Clinical Trial Details
— Status: Active, not recruiting
Administrative data
NCT number |
NCT05656053 |
Other study ID # |
MINGGE-SW-00002-V1-01 |
Secondary ID |
|
Status |
Active, not recruiting |
Phase |
|
First received |
|
Last updated |
|
Start date |
November 15, 2021 |
Est. completion date |
September 2026 |
Study information
Verified date |
March 2023 |
Source |
Mingge LLC |
Contact |
n/a |
Is FDA regulated |
No |
Health authority |
|
Study type |
Observational [Patient Registry]
|
Clinical Trial Summary
The aim of this observational study is to enable rapid diagnosis of molecular biomarkers in
patients during surgery by medical imaging and artificial intelligence models, to help
clinicians with strategies to maximize safe resection of gliomas. The main questions it aims
to answer are:
1. To solve the current clinical shortcomings of intraoperative molecular diagnosis, which
is time-consuming and complex, and enables rapid and automated molecular diagnosis of
glioma, thus providing the possibility of personalized tumor resection plans.
2. To implement a neuro-navigation platform that combines preoperative magnetic resonance
images, intraoperative ultrasound signals and intraoperative ultrasound images to
address real-time molecular boundary visualisation and molecular diagnosis for glioma,
providing an approach to improve glioma treatment.
Participants will read an informed consent agreement before surgery and voluntarily decide
whether or not to join the experimental group. they will undergo preoperative magnetic
resonance imaging, intraoperative ultrasound, and postoperative genotype identification.

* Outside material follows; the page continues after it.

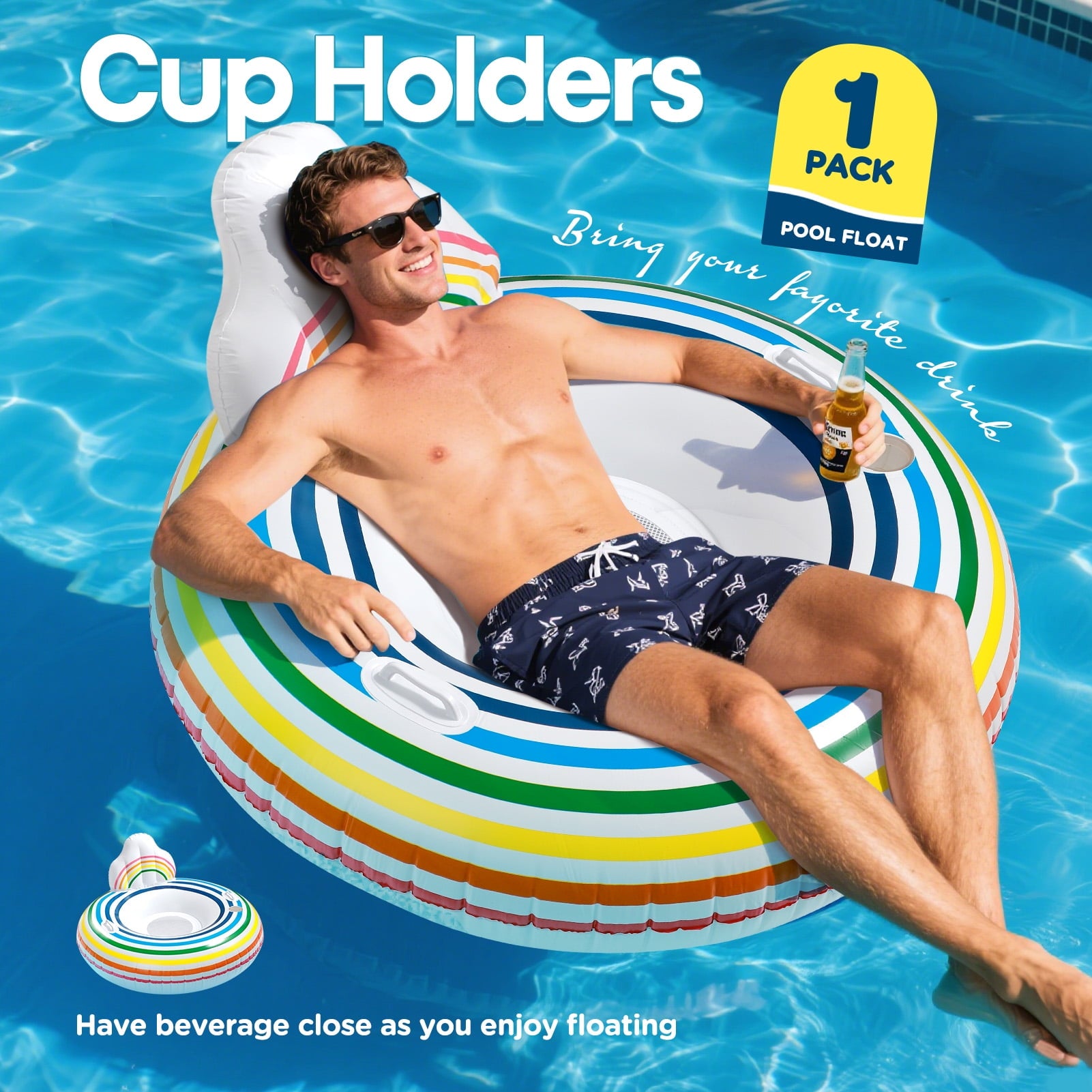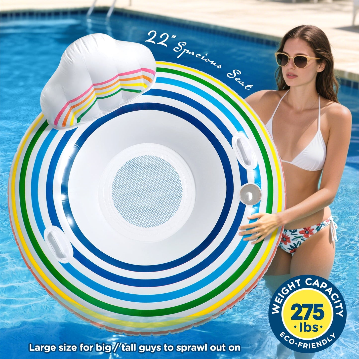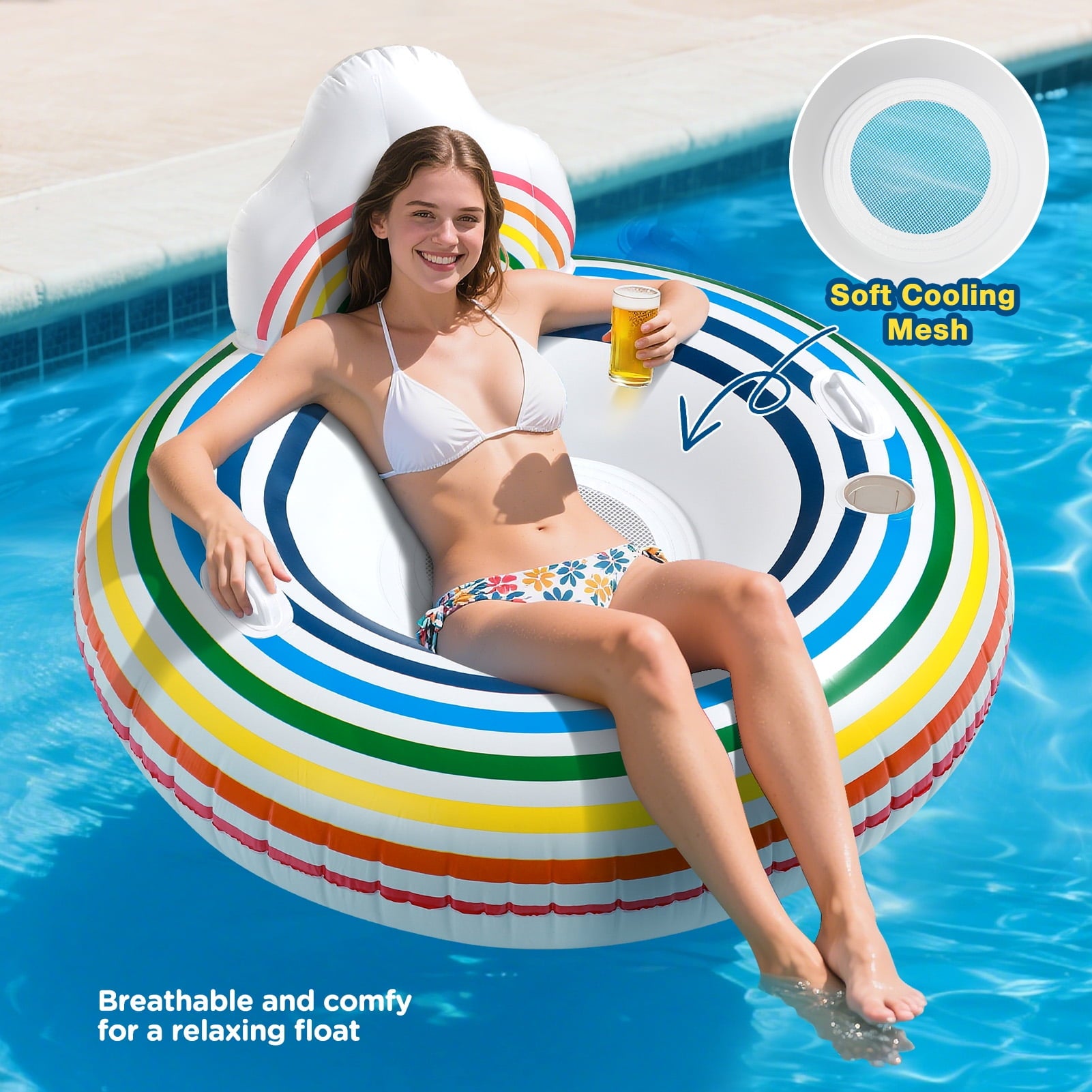 Livhil Inflatable Pool Float Lounger - River Tube Floating Chair Sofa with Backrest, Pool Float Chiar with Mesh Bottom Handle Cup Holder Pool Party Toys for Adults (White Rainbow)

Their imaging data, genotype data, clinical history data, and pathology data will be used for
the experimental study. The data collection process will not interrupt the normal surgical
process.
Description:
BACKGROUND:
The extent of glioma resection is directly related to patient survival, and a combination of
multiple imaging and molecular pathology imaging methods has been developed to achieve
maximum safe resection. In this study, three types of data, preoperative magnetic resonance
imaging, intraoperative ultrasound and molecular genotype, will be collected and combined to
build an artificial intelligence imaging model to achieve maximum safe resection and prolong
patient's life.
PLAN:
In order to achieve the goal of maximum safe resection, we plan to sequentially implement
imaging-based molecular visualization techniques, and integrated guidance techniques through
a combination of intraoperative ultrasound and preoperative magnetic resonance imaging, in
order to address the two critical scientific issues of glioma molecular boundary
visualization and intraoperative real-time molecular diagnosis. It can also help
neurosurgeons to achieve complete glioma resection at the molecular level, maximizing patient
survival time and providing another effective approach to improving glioma treatment.
PROCESS:
Participants will read an informed consent agreement before surgery and voluntarily decide
whether or not to join the experimental group. They will undergo preoperative magnetic
resonance imaging and intraoperative ultrasound to obtain magnetic resonance images,
ultrasound images, and ultrasound radio-frequency signals. After surgery, the patient's tumor
tissue samples will undergo specialist genetic testing to obtain multiple molecular
diagnostic results, such as isocitrate dehydrogenase (IDH), telomerase reverse transcriptase
promoter (TERTp), the short arm chromosome 1 and the long arm of chromosome 19 (1p/19q), et
al. Also, their imaging data, genotype data, clinical history data, and pathology data will
be used for the experimental study.
The data collected from each patient will be performed in three steps as follows.
1. Image translation and alignment of intraoperative ultrasound and preoperative MRI
navigation across modalities for glioma.
2. Multimodality imaging of IDH1/2 gene mutations from structural to molecular boundaries.
3. Applied study of molecular boundary visualization. All the above information will be
summarized and handed over to Fudan University to build an artificial intelligent model.
Compared with the previous gold standard glioma resection, this study adds intraoperative
ultrasound, intraoperative multi-point tumor specimen sampling for IDH genotype
identification during the surgery, and will collect relevant molecular imaging data, MRI
data, intraoperative ultrasound data, clinical case data and pathology data from patients
after the surgery. Intraoperative ultrasound is non-invasive, real-time and rapid, without
adding additional operative time or risk of infection.